- Genre: Sitcom
- Created by: Stephen Engel David Zuckerman
- Starring: Kevin Hart Faizon Love Arnetia Walker Yvette Nicole Brown Aaron Grady Keith David
- Composer: Mark Mothersbaugh
- Country of origin: United States
- Original language: English
- No. of seasons: 1
- No. of episodes: 6

Production
- Running time: 30 minutes
- Production companies: Imagine Television 20th Century Fox Television

Original release
- Network: ABC
- Release: April 2 – April 30, 2004

= The Big House (TV series) =

2004 American sitcom television series

The Big House is an American prime time television sitcom starring actor/comedian Kevin Hart. It ran on the ABC television network in April 2004, lasting for only six episodes.

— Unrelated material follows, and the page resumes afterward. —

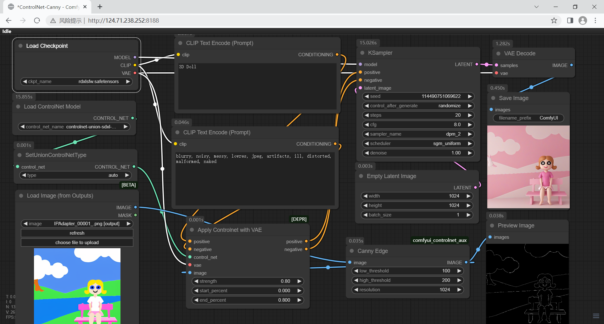 - 使用一张铅笔素描(Canny Edge)作为ControlNet输入,锁定人物的复杂姿态和构图。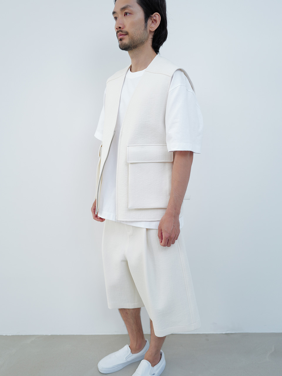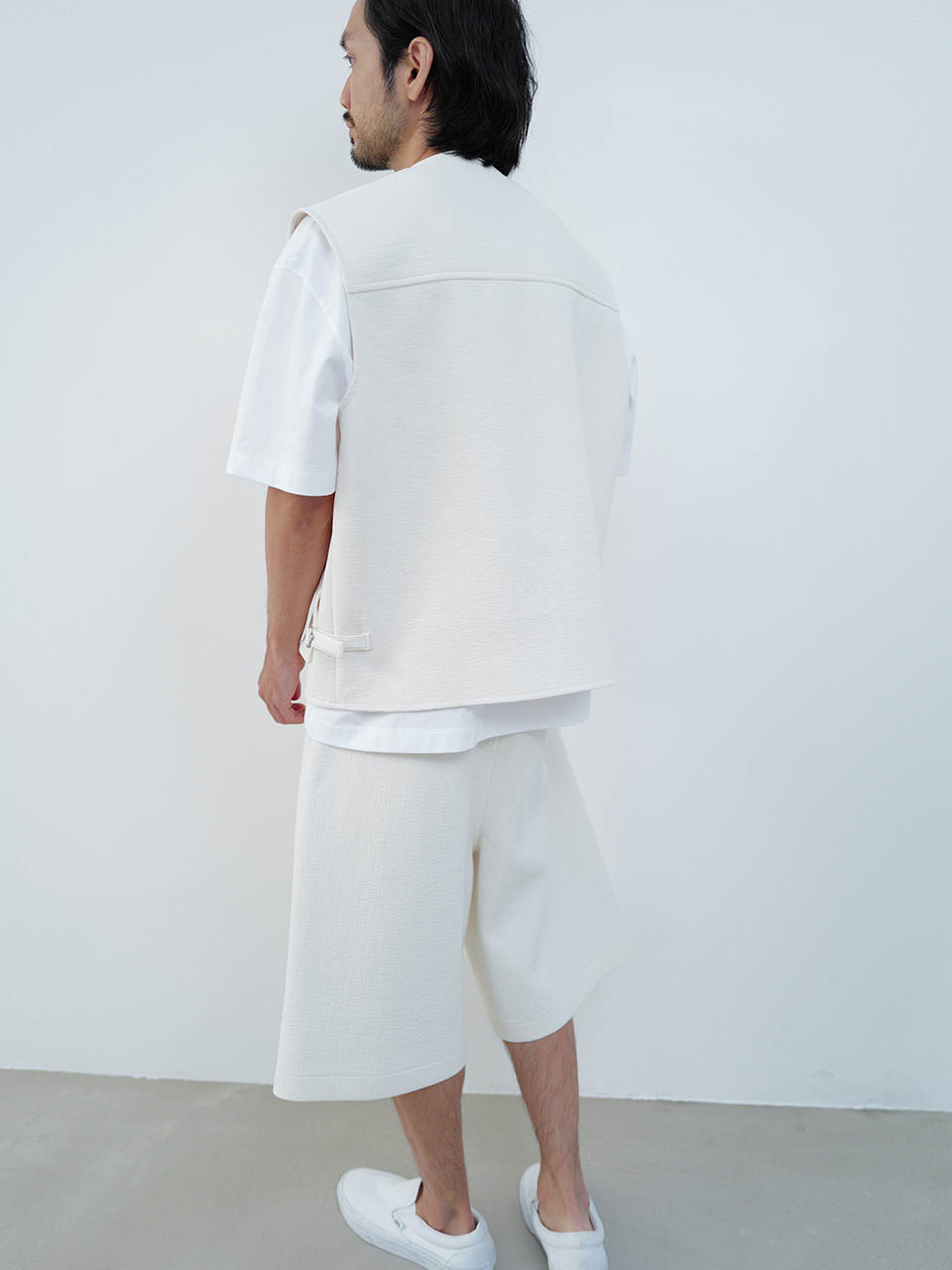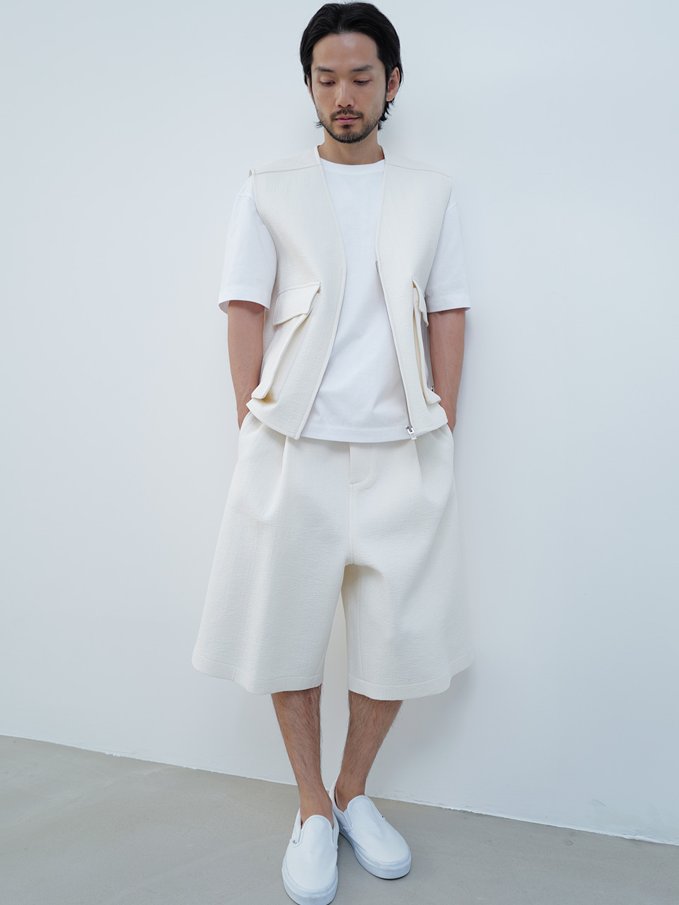 골지 소재의 코튼 원단으로 제작한 버뮤다 팬츠입니다. 여유로운 핏의 버뮤다 팬츠 기장의 팬츠 디자인으로 프론트의 깊은 투 턱 디테일로 포인트를 더했으며 제원단 벨트를 통해 사이즈를 조절해 착용이 가능합니다. 로고 각인된 지속 가능한 카제인 단추로 마무리하였습니다. QUILTED HALF SLEEVED SHIRT와 셋업으로 착용 가능합니다. 46 허리 40.5CM 밑단 35CM 총장 63.5CM 앞밑위 39.5CM 48 허리 43CM 밑단 36CM 총장 64.5CM 앞밑위 40.5CM 50 허리 45.5CM 밑단 37CM 총장 65.5CM 앞밑위 41.5CM 치수는 재는 위치에 따라 1-3cm 차이 생길 수 있습니다. 어두운 원단은 염색되었기 때문에 밝은 아이템과 착용 시 주의 부탁드립니다. DRY CLEAN ONLY 180cm 마른체형 모델 48 SIZE 착용

The series represents a mirror-opposite of the NBC sitcom The Fresh Prince of Bel-Air. Kevin Hart is a wealthy, pampered student from Malibu. After his father is arrested and imprisoned for embezzlement, Kevin moves to Philadelphia to live with his working-class aunt, uncle and cousins (the Cleveland family), and enrolls in Drexel University.

== Cast ==
- Kevin Hart as Kevin Cleveland
- Faizon Love as Warren Cleveland
- Arnetia Walker as Tina Cleveland
- Yvette Nicole Brown as Eartha Cleveland
- Aaron Grady as C.J. Cleveland
- Keith David as Clarence Cleveland

== Episodes ==

| No. | Title | Directed by | Written by | Original release date | Prod. code | Viewers (millions) |
| 1 | "Hart Transplant" | Barnet Kellman | Stephen Engel | April 2, 2004 | 1AJA02 | 6.13 |
Kevin is a rich kid from Malibu. He has it all, a great house and money. But one day his dad, who is also Kevin's manager, is arrested for embezzling millions of dollars from his clients. Later his family from Philadelphia welcomes Kevin to live with them to start a new life. When he moves into "The Big House" he is forced to live in the basement.
| 2 | "Almost Touched by an Angel" | Andy Cadiff | Ian Edwards & Tommy Tallarino | April 9, 2004 | 1AJA06 | 5.13 |
Kevin is a non-believer but he is smitten with Angel, one of the beautiful girls at the family's church. Kevin only agrees to get baptized because he wants to win Angel over.
| 3 | "A Friend in Need" | Joe Regalbuto | Julie Brown | April 14, 2004 | 1AJA04 | 6.14 |
The family is overjoyed when Eartha brings home her boyfriend, Martin, who unexpectedly hits it off with friendless, new-in-town Kevin. Eartha and Kevin soon begin competing to spend time with Martin, with comical results.
| 4 | "The Kidney Stays in the Picture" | Barnet Kellman | Mark Reisman | April 16, 2004 | 1AJA01 | 6.39 |
Kevin tries to get Warren to go to a Lil' Kim concert, despite Aunt Tina's edict that they have to stay home. When his cousin reveals that Aunt Tina gave him one of her kidneys during a childhood illness, Kevin begins to understand Warren's attachment to his mom – until a little digging on his part reveals the truth about his aunt's tall tale.
| 5 | "The Anniversary Party" | Barnet Kellman | Rob Lotterstein | April 23, 2004 | 1AJA03 | 5.09 |
Kevin, trying to show some love for Aunt Tina and Uncle Clarence, cajoles his cousins into throwing their parents an anniversary party. But his plan goes horribly wrong when he stumbles upon a deep, dark family secret — Tina and Clarence were married two years after Warren was born, a little fact they've neglected to tell their children.
| 6 | "Kevin's Birthday" | Andy Cadiff | Michael Kramer | April 30, 2004 | 1AJA05 | 5.73 |
Kevin faces a birthday crisis when Warren spills the beans that the family has gone to great effort to plan a surprise bash for him - at the same time that Kevin's best friend from Malibu descends on Philly, determined to treat his buddy to a lavish night on the town.

==Home media==
Olive Films, under license from 20th Century Fox Home Entertainment, released the entire series on DVD in Region 1 on January 13, 2015.

In 2022, the series was made available for streaming online on Fox Corporation's Tubi.